▶ **Material supplied**:
══════════

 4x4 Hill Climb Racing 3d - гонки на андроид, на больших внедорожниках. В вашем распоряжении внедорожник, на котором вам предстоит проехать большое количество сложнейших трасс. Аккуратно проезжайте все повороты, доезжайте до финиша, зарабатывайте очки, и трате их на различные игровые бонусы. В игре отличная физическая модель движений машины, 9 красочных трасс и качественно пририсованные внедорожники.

══════════

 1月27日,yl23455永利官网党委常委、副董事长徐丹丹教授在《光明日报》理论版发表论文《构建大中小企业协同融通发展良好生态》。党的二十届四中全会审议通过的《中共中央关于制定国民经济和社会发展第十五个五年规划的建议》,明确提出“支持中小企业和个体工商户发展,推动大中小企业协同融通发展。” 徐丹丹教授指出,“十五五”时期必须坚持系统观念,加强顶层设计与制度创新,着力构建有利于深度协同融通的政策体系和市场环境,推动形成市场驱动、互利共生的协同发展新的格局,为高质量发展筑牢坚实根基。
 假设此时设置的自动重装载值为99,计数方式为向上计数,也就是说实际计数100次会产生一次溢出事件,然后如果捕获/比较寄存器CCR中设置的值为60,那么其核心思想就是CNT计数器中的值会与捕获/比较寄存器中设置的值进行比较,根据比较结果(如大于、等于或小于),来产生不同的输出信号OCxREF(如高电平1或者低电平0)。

══════════

▶ **Problem**: Scan the records above for the lines holding "1月27日,yl23455永" and "假设此时设置的自动重装载值为". Transcribe those two and every line between them word for word, and no others.

▶ **Response to this exercise**:
 1月27日,yl23455永利官网党委常委、副董事长徐丹丹教授在《光明日报》理论版发表论文《构建大中小企业协同融通发展良好生态》。党的二十届四中全会审议通过的《中共中央关于制定国民经济和社会发展第十五个五年规划的建议》,明确提出“支持中小企业和个体工商户发展,推动大中小企业协同融通发展。” 徐丹丹教授指出,“十五五”时期必须坚持系统观念,加强顶层设计与制度创新,着力构建有利于深度协同融通的政策体系和市场环境,推动形成市场驱动、互利共生的协同发展新的格局,为高质量发展筑牢坚实根基。
 假设此时设置的自动重装载值为99,计数方式为向上计数,也就是说实际计数100次会产生一次溢出事件,然后如果捕获/比较寄存器CCR中设置的值为60,那么其核心思想就是CNT计数器中的值会与捕获/比较寄存器中设置的值进行比较,根据比较结果(如大于、等于或小于),来产生不同的输出信号OCxREF(如高电平1或者低电平0)。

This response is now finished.